New regs for Monday: Safety groups want window blind cords banned

Window blinds:
A number of public safety groups have asked the Consumer Product Safety Commission to issue a rule prohibiting cords on window blinds if there is a feasible alternative. 

The nine groups, including Parents for Window Blind Safety, Consumer Federation of America and Public Citizen, worry that the cords can be deadly, especially for children. They assert that 324 kids were killed by the cords between 1985 and 2012.


Voluntary efforts to reduce the risks posed by the cords has failed, they said in their petition to the agency.

“The petition asserts that a mandatory rule is necessary because attempts to develop a voluntary standard that adequately mitigates the risk of injury associated with window covering cords have failed,” the federal safety commission said in its notice.

The agency is collecting comments from the public on the organizations’ request for 60 days.

Drug testing:
The Federal Aviation Administration is issuing a rule to allow airlines to combine their drug and alcohol tests. 

Currently, the companies must conduct drug and alcohol tests separately. The agency said in its rule that that “results in an unnecessary duplication of effort.”

The new rule should save money by allowing both tests to happen at once.

Inmate calls:
The Federal Communications Commission is asking the public about fees placed on phone calls made by inmates in jails and prison.

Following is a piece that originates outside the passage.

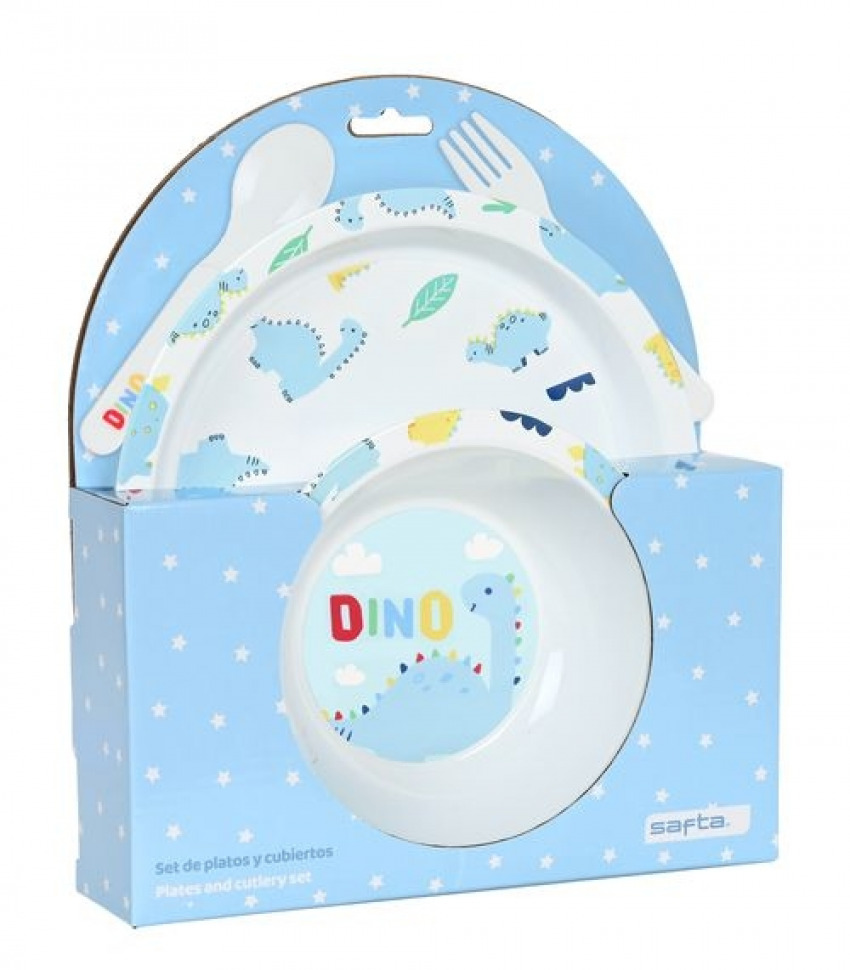SET DE PLATOS Y CUBIERTOS DINOLAND 22,5X26X5,5CM

The agency is concerned that inmates are charged fees for setting up and replenishing their accounts, as well as for inactivity and other reasons. 

The Army Corps of Engineers wants to change rules for some reservoirs at the source of the Mississippi River. 

The Pension Benefit Guaranty Corporation, which protects private sector pension plans, is setting interest assumptions for benefits paid in plans the agency administers. 

Additionally, the Department of Labor is extending the comment period for a proposal on pensions including 401(k) plans. 

Prescription drugs:
The Food and Drug Administration is adding three animal drugs that were approved in May to its regulations list. 

The FDA is also proposing to implement the power to administratively detain certain drugs that are believed to be contraband.

According to the agency, that authority would allow it “to better protect the integrity of the drug supply chain.”

“This authority is intended to protect the public by preventing distribution or subsequent use of drugs encountered during inspections that are believed to be adulterated or misbranded, until FDA has had time to consider what action it should take concerning the drugs, and to initiate legal action, if appropriate,” the FDA said in its proposal

The National Marine Fisheries Service is temporarily suspending fishing for sharks in the Gulf of Mexico to prevent overfishing.